Tournament statistics
- Matches played: 39
- Goals scored: 84 (2.15 per match)
- Top goal scorer(s): Abubakar Oumarou (Vojvodina) 3 goals

= 2012–13 Serbian Cup =

The 2012–13 Serbian Cup season is the seventh season of the Serbian national football tournament.

The competition started on 5 September 2012 and concluded with the final on 8 May 2013.

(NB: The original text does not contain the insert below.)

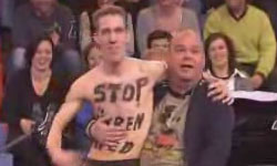 Eigentlich wollte der nur mit einem Tanga bekleidete junge Mann gegen Pelze demonstrieren. Doch irgendwie hat er nicht mit dem Moderator gerechnet, der will ihn nämlich unbedingt ohne Tanga sehen.
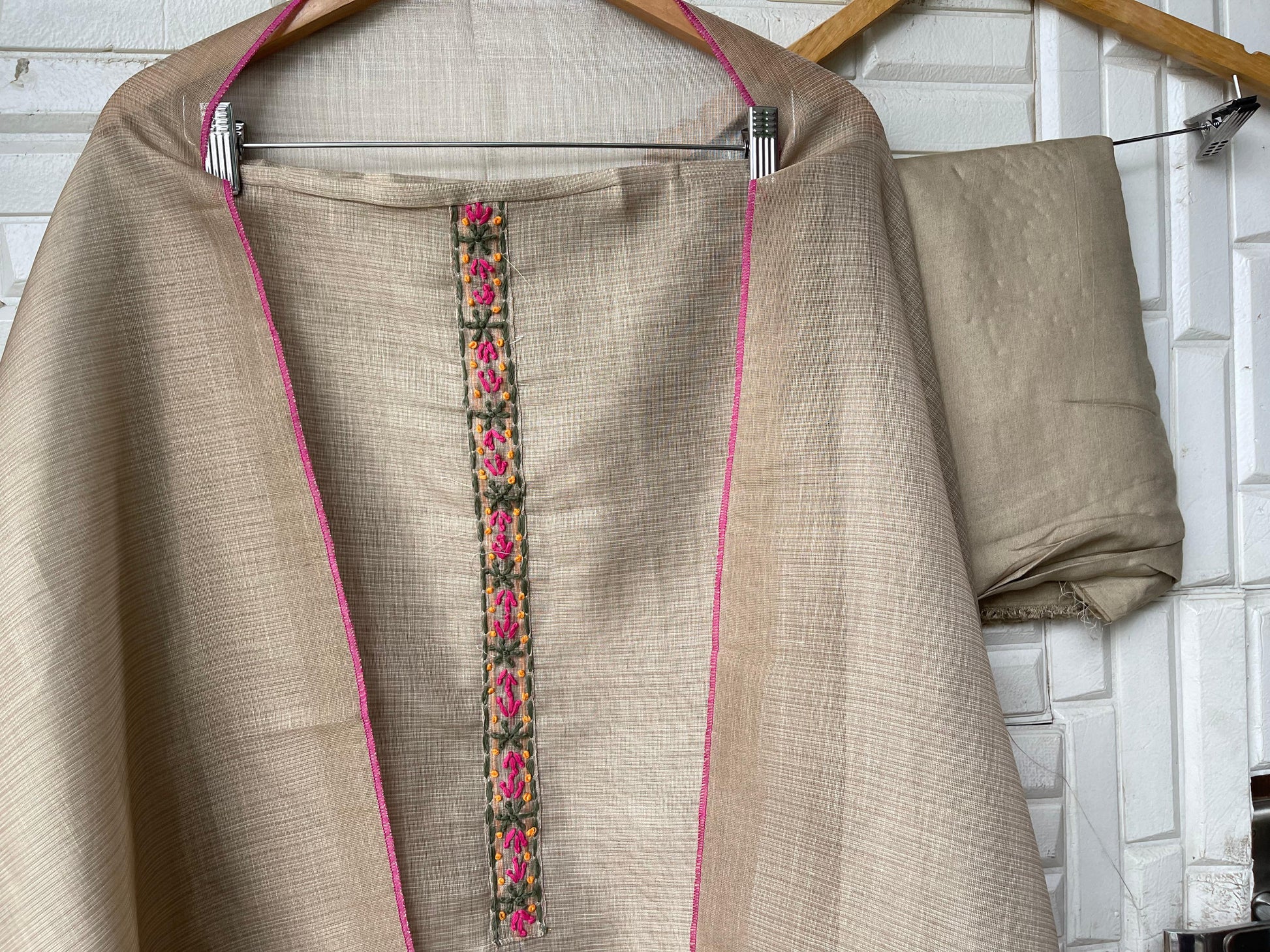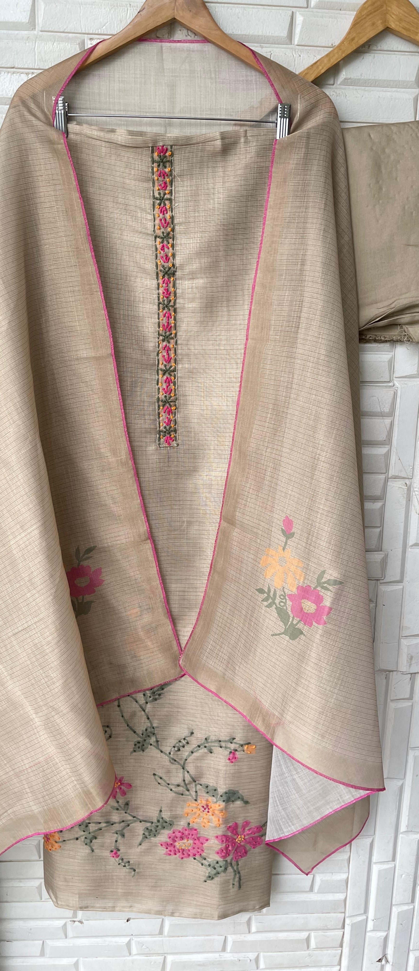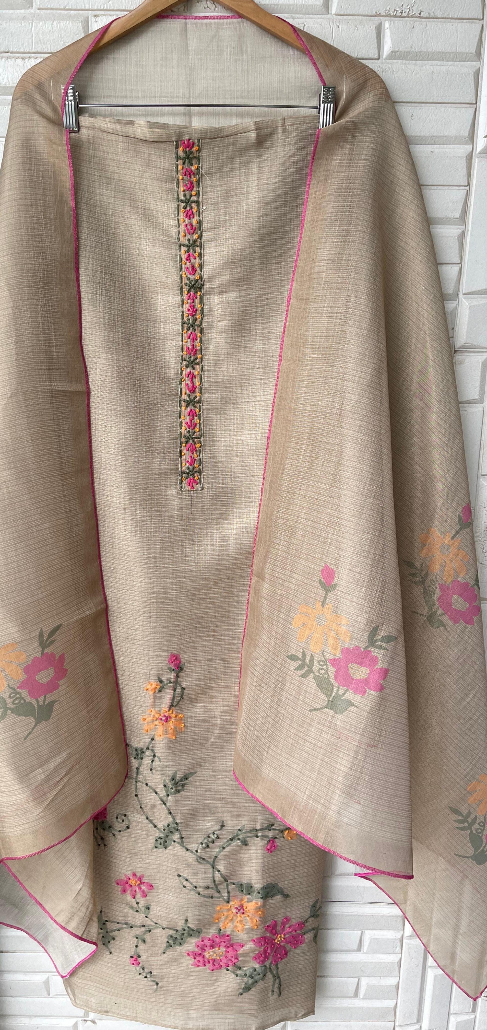 😊Kota Tassar silk unstitched shirt with Resham knots embroidery

The winner of the competition qualified for the 2013–14 UEFA Europa League.

==Preliminary round==
A preliminary round was held in order to reduce the number of teams competing in the next round to 32. It consisted of 7 single-legged ties, with penalty shoot-out as decider, if the score was tied after 90 minutes. Appearing in this round were bottom 9 teams from 2011–12 Serbian First League, as well as 5 regional cup winners. The draw contained seeded and unseeded teams. Bottom 9 teams from 2011–12 Serbian First League (RFK Novi Sad, OFK Mladenovac, Kolubara, Čukarički, Banat, Radnički Sombor, Mladi Radnik, Sinđelić Niš and Srem) were set as seeded teams, with 5 regional cup winners (Dunav, Kovačevac, Timok, Jedinstvo Užice and Trepča) being set as unseeded teams. After drawing 5 seeded-unseeded match-ups, remaining 2 fixtures were determined by regular draw, without seeds. The matches were played on 5 and 12 September 2012.

5 September 2012
Čukarički (II) 2-1 Srem (III)
  Čukarički (II): 6' Dinčić, 34' Dmitrović
  Srem (III): Stevanović 75'
5 September 2012
Radnički Sombor (III) 0-3 RFK Novi Sad (II)
  RFK Novi Sad (II): Božičić 72', Maksimović 79' (pen.), Božičić 90'
5 September 2012
Dunav (III) 3-1 Banat (II)
  Dunav (III): 13' Kokir, 55' Haska, 69' Đemaj
  Banat (II): Delibašić 77' (pen.)
5 September 2012
Kovačevac (III) 1-0 Mladi Radnik (III)
  Kovačevac (III): 80' (pen.) Mijailović
5 September 2012
Jedinstvo Užice (II) 0-1 Kolubara (II)
  Kolubara (II): Stanković
5 September 2012
Timok (II) 2-1 Sinđelić Niš (III)
12 September 2012
Trepča (IV) 0-0 OFK Mladenovac (II)

==Round of 32==
In this round, seven winners from the previous round will be joined by all 16 teams from Serbian Superliga from 2011 to 2012, as well as top 9 teams from Serbian First League from 2011 to 2012. The draw contained seeded and unseeded teams. 16 teams from 2011–12 Serbian SuperLiga (Partizan, Red Star, Vojvodina, Jagodina, Sloboda Užice, Radnički 1923, Spartak Subotica, OFK Beograd, Javor, Rad, Hajduk Kula, BSK Borča, Smederevo, Novi Pazar, Borac Čačak (II) and Metalac (II)) were set as seeded teams. Draw was held on 13 September 2012. The matches were played on 26 September 2012. No extra time was played if the score was tied after regular 90 minutes, with games going straight into penalties.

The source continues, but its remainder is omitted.